##### STUDY MATERIAL #####

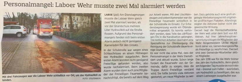 Wie man im heutigen Probsteier Herold entnehmen konnte, gibt es in unserer Wehr immer wieder Probleme mit der Tagesstärke bei einem Einsatz. Doch was bedeutet das für die Laboer Bürger?
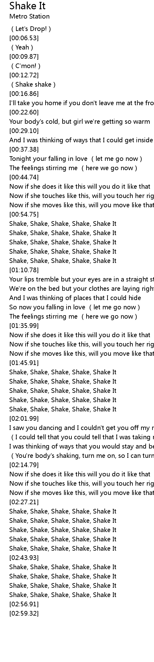 | [02:44.39] | Shake, Shake, Shake, Shake, Shake It |
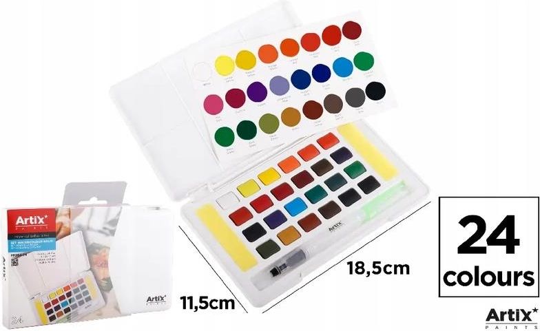 Farby Akwarelowe ARTIX z Wodnym Pędzlem Oferujemy zestaw farb akwarelowych ARTIX, który zawiera 24 intensywne kolory. Każdy kolor jest zamknięty w poręcznym opakowaniu, które sprawia, że malowanie staje się przyjemnością. Do zestawu dołączony jest specjalny pędzel wodny, dzięki któremu łatwo uzyskasz płynne przejścia i delikatne efekty akwarelowe. Idealne dla Każdego Artysty Ten komplet doskonale sprawdzi się zarówno dla początkujących, jak i zaawansowanych artystów. Łatwa aplikacja i wyraziste barwy czynią z tego zestawu wspaniałe narzędzie do wyrażania artystycznych wizji. Wykorzystaj farby ARTIX, aby tworzyć niesamowite dzieła i czerpać radość z malowania. EAN: 8435250914548
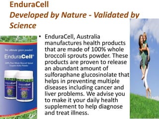 Enduracell, Australia, manufactures health products using 100% whole broccoli sprouts powder, rich in sulforaphane glucosinolate known to help prevent diseases like cancer and liver problems. Despite the health benefits, the average vegetable intake among the population is low, with cruciferous vegetables like broccoli notably underrepresented. The product is developed in collaboration with a scientific team to ensure a standardized sulforaphane concentration for optimal health support.
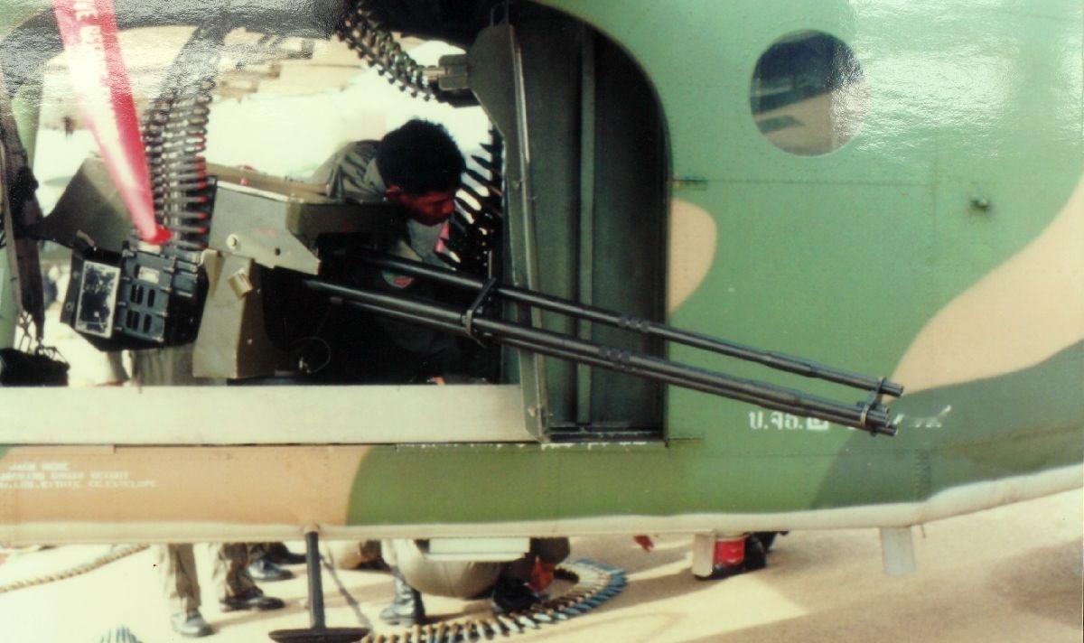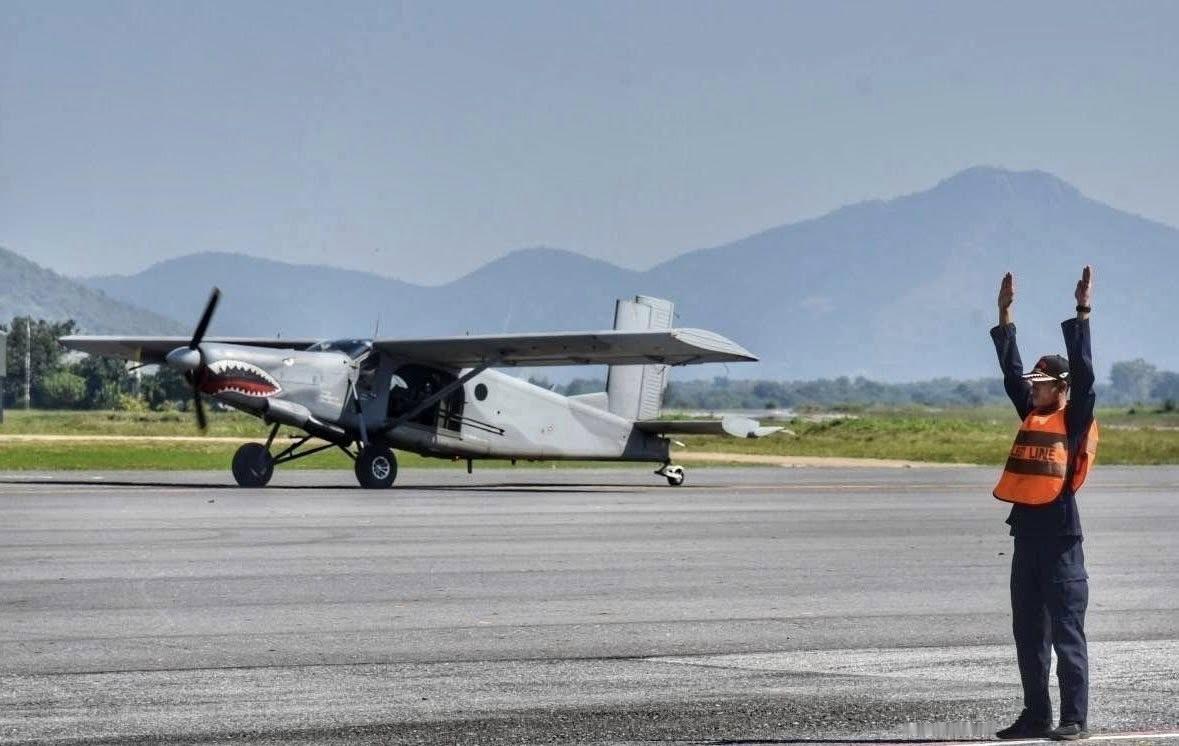 执行灾情调查任务的泰国空军的AU-23A (又称和平制造者)飞机,比较少见的装了一门三管20毫米M197转管航炮,AU-23是美国费尔柴尔德公司开发的一种涡轮螺旋桨单发COIN(反叛乱)和多用途飞机,主要用于支援地面部队

#####

## PROMPT
Quote verbatim every line starting at the line that contains "Shake, Shake It |" and ending with the last line of the records; omit all pictures.

## OUTPUT OF THE TASK
 | [02:44.39] | Shake, Shake, Shake, Shake, Shake It |
 Farby Akwarelowe ARTIX z Wodnym Pędzlem Oferujemy zestaw farb akwarelowych ARTIX, który zawiera 24 intensywne kolory. Każdy kolor jest zamknięty w poręcznym opakowaniu, które sprawia, że malowanie staje się przyjemnością. Do zestawu dołączony jest specjalny pędzel wodny, dzięki któremu łatwo uzyskasz płynne przejścia i delikatne efekty akwarelowe. Idealne dla Każdego Artysty Ten komplet doskonale sprawdzi się zarówno dla początkujących, jak i zaawansowanych artystów. Łatwa aplikacja i wyraziste barwy czynią z tego zestawu wspaniałe narzędzie do wyrażania artystycznych wizji. Wykorzystaj farby ARTIX, aby tworzyć niesamowite dzieła i czerpać radość z malowania. EAN: 8435250914548
 Enduracell, Australia, manufactures health products using 100% whole broccoli sprouts powder, rich in sulforaphane glucosinolate known to help prevent diseases like cancer and liver problems. Despite the health benefits, the average vegetable intake among the population is low, with cruciferous vegetables like broccoli notably underrepresented. The product is developed in collaboration with a scientific team to ensure a standardized sulforaphane concentration for optimal health support.
 执行灾情调查任务的泰国空军的AU-23A (又称和平制造者)飞机,比较少见的装了一门三管20毫米M197转管航炮,AU-23是美国费尔柴尔德公司开发的一种涡轮螺旋桨单发COIN(反叛乱)和多用途飞机,主要用于支援地面部队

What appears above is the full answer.